`Pretence and effort both!' cried Otto. `A dead dog in a canal is more alive. And the question, Gotthold, the question that I have to face is this: Can I not, with effort and self-denial, can I not become a tolerable sovereign?'
`Never,' replied Gotthold. `Dismiss the notion. And besides, dear child, you would not try.'
`Nay, Gotthold, I am not to be put by,' said Otto. `If I am constitutionally unfit to be a sovereign, what am I doing with this money, with this palace, with these guards? And I -- a thief -- am to execute the law on others?'
`I admit the difficulty,' said Gotthold.
`Well, can I not try?' continued Otto. `Am I not bound to try?
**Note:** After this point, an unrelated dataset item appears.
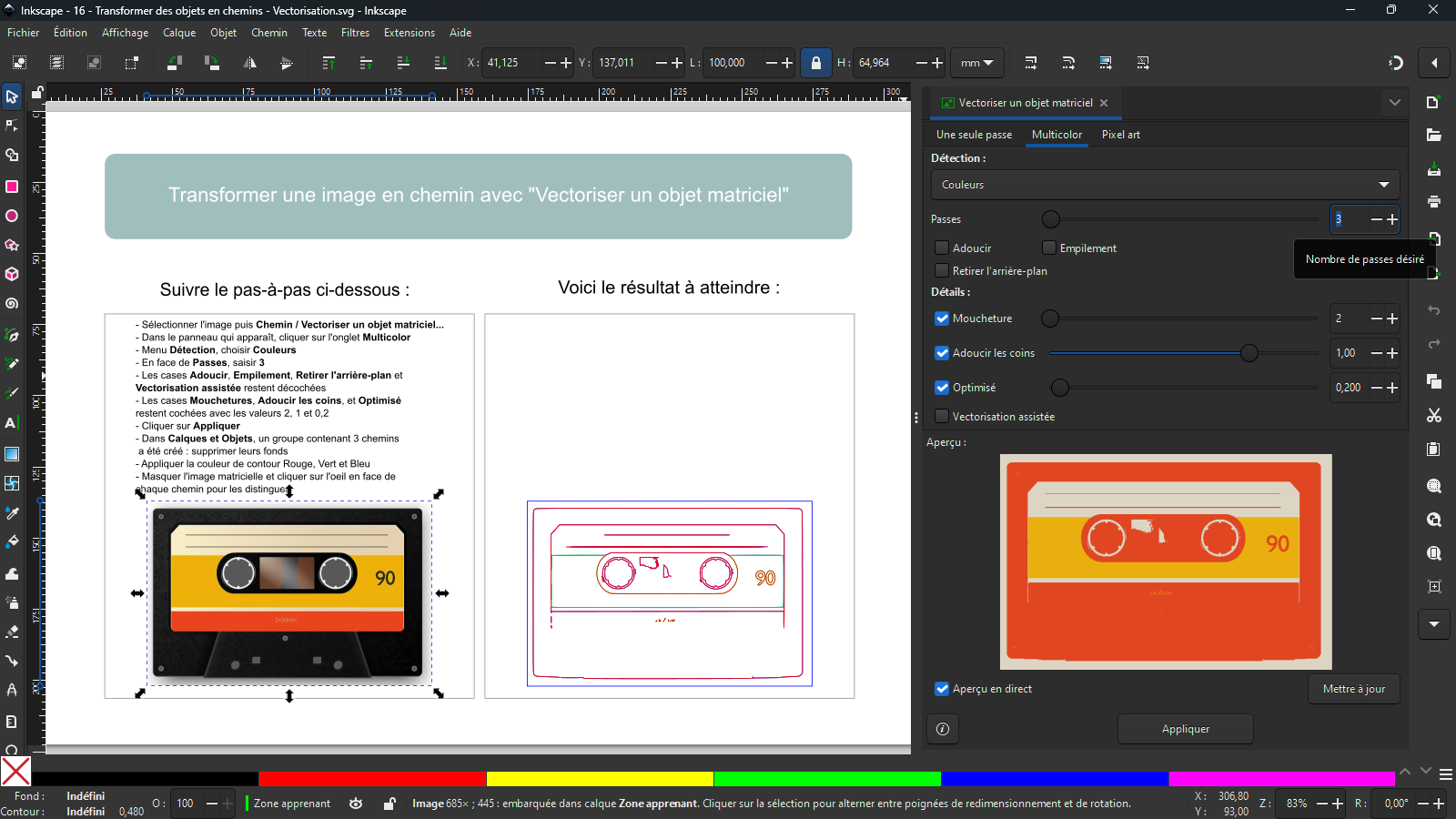- Transformer une image matricielle en chemin avec le panneau Vectoriser un objet matriciel"

And with the advice and help of such a man as you -- `
`Me!' cried the librarian. `Now, God forbid!'
Otto, though he was in no very smiling humour, could not forbear to smile. `Yet I was told last night,' he laughed, `that with a man like me to impersonate, and a man like you to touch the springs, a very possible government could be composed.'
`Now I wonder in what diseased imagination,' Gotthold said, `that preposterous monster saw the light of day?'
`It was one of your own trade -- a writer: one Roederer,' said Otto.
`Roederer! an ignorant puppy!' cried the librarian.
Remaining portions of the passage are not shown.